_WORK INSTRUCTIONS_.
Here the job is to transcribe the data verbatim while leaving each picture out.

_DATA PROVIDED_.

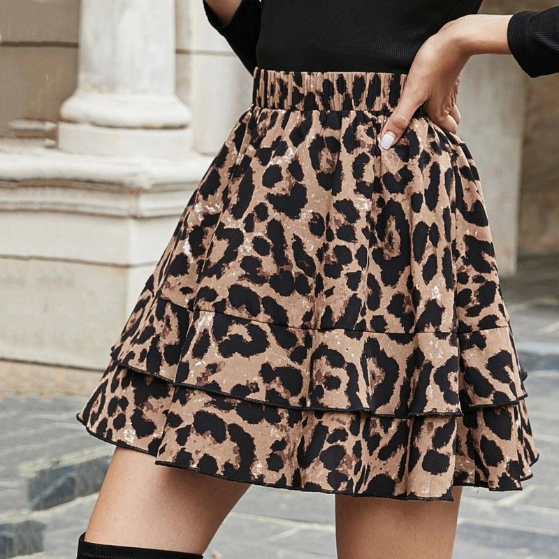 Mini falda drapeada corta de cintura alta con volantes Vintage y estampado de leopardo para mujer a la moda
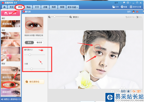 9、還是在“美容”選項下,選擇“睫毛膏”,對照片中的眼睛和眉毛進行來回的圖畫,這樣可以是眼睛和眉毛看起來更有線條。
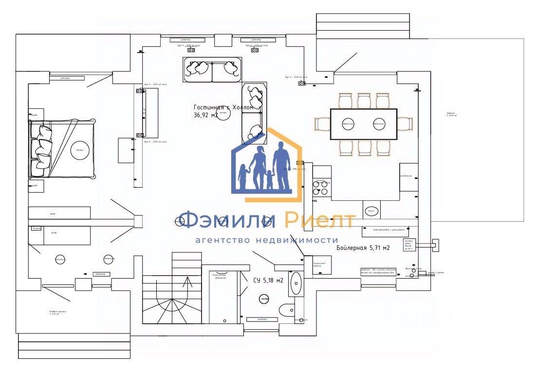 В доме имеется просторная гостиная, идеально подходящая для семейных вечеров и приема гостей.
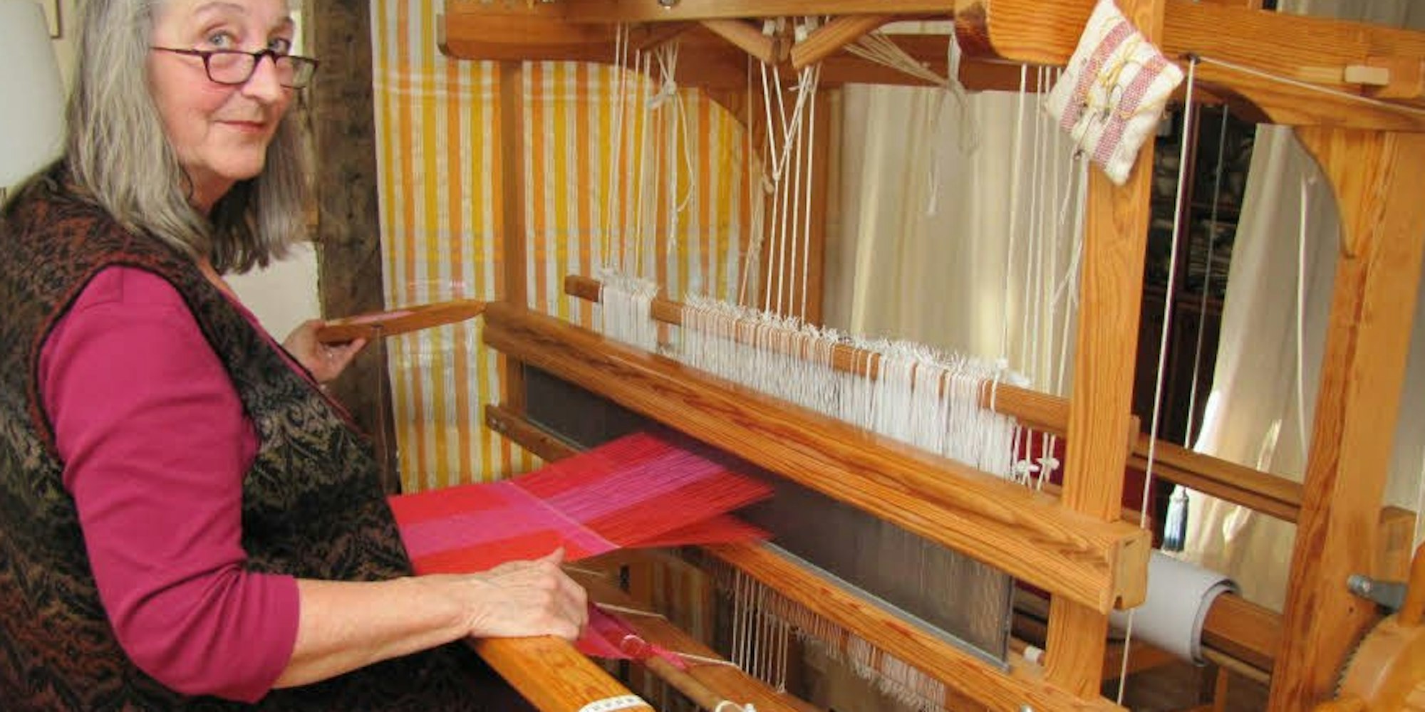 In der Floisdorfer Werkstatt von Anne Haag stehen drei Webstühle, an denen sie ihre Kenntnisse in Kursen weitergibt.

_EXPECTED OUTPUT_.
 Mini falda drapeada corta de cintura alta con volantes Vintage y estampado de leopardo para mujer a la moda
 9、還是在“美容”選項下,選擇“睫毛膏”,對照片中的眼睛和眉毛進行來回的圖畫,這樣可以是眼睛和眉毛看起來更有線條。
 В доме имеется просторная гостиная, идеально подходящая для семейных вечеров и приема гостей.
 In der Floisdorfer Werkstatt von Anne Haag stehen drei Webstühle, an denen sie ihre Kenntnisse in Kursen weitergibt.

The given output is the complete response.